Jasmin Taylor

Personal information
- Nickname: Jaz
- Born: 22 August 1993 (age 32) Colchester, Essex, England
- Education: University of Suffolk
- Years active: 2011–

Sport
- Sport: Telemark skiing

Achievements and titles
- World finals: 2015, 2017, 2023

Medal record
Representing Great Britain
| Event | 1st | 2nd | 3rd |
| Telemark World Cup | 12 | 17 | 27 |
| World Telemarking Championships | 0 | 1 | 3 |
| Total | 12 | 18 | 30 |
World Telemarking Championships
| Bronze medal – third place | 2015 Steamboat Springs | Telemark |
| Bronze medal – third place | 2017 La Plagne | Telemark |
| Silver medal – second place | 2023 Mürren | Parallel sprint |
| Bronze medal – third place | 2023 Mürren | Classic |

= Jasmin Taylor =

British telemark skier (born 1993)

Jasmin Taylor (born 22 August 1993) is a British telemark skier, who holds the record for the British skier with the most World Cup and World Championships medals. She won medals at the 2015, 2017 and 2023 World Telemarking Championships.

==Career==
As a child, Taylor was an alpine skier. She started out on a dry ski slope in Ipswich, England. She took up telemark skiing at the age of 15, after being invited to train in Les Houches, France, by the British Ski Academy. She is now based in Les Houches, France during the winter ski season, and has trained in Hemel Hempstead, England during the summer season.

In 2011, Taylor competed at the World Youth Telemarking World Championships in Norway. In 2012, she made £2,000 from selling items at a car boot sale, which allowed her to compete at that year's British Championships. She won the event. She is now a five time British champion. In 2013, Taylor won her first Telemarking World Cup medal; it was also the first medal for a Briton in the Telemark World Cup.
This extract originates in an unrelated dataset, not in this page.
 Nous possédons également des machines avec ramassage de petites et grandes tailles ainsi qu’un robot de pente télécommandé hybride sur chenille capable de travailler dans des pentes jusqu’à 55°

In 2015, she won her first bronze medal at the World Telemarking Championships; it was Britain's first ever medal at the championships. In 2016, she competed in the telemark demonstration event at the 2016 Winter Youth Olympics.

In the 2016–17 season, Taylor won six World Cup medals, and finished fourth in the World Cup overall standing. She also won a bronze medal at the 2017 World Telemarking Championships. In the 2017–18 season, she won her first World Cup event, in Suicide Six, Vermont, US. She also won a World Cup event in Sugarbush, Vermont, US a few days later. In 2019, Taylor won the telemarking event in Pralognan-la-Vanoise, her fifth career World Cup victory.
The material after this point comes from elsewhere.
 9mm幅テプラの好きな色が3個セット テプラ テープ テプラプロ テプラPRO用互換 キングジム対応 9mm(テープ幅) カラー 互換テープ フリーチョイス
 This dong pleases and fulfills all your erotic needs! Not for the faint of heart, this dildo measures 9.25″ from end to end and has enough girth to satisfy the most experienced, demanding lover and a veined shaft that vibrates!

In January 2020, Taylor overtook Jilly Curry to become the British skier with the most World Cup and World Championships medals, after winning her 30th World Cup medal in Pralognan-la-Vanoise, France. During the 2020–21 season, Taylor trained in Switzerland, as French ski lifts were closed due to the COVID-19 pandemic.
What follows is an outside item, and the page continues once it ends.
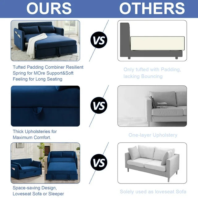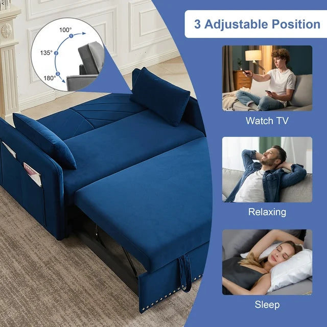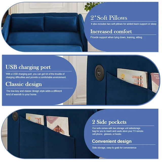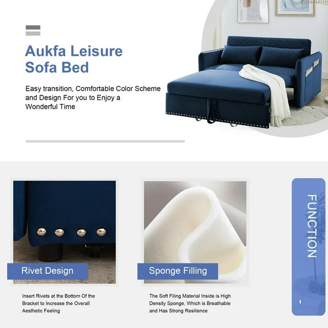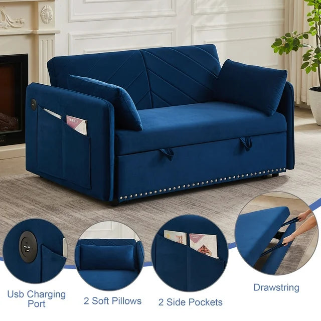 AENKYO 3 in 1 Convertible Sofa Bed, 55" Velvet Loveseat Sleeper with 2 Pillows & USB Port, Blue

At the 2022 Telemark Skiing World Cup, Taylor came first and second in the two events in Les Houches, France. At the World Cup event in Mürren, Switzerland, she won the parallel sprint competition and came second in the classic and sprint events. She finished in the top three in nine World Cup events, including seven consecutive competitions. She finished the season second overall. At the 2023 World Telemarking Championships, she came second in the parallel sprint event, and third in the classic event.

Taylor won the parallel sprint and overall World Cup titles in 2024, finishing the season ranked as world number one after 11 podium finishes including five firsts.

==Personal life==
Taylor was born in Colchester, England, and grew up in Ipswich, England. Aside from skiing, Taylor works as a professional fitness coach, and a gym instructor. She studied sports science at the University of Suffolk.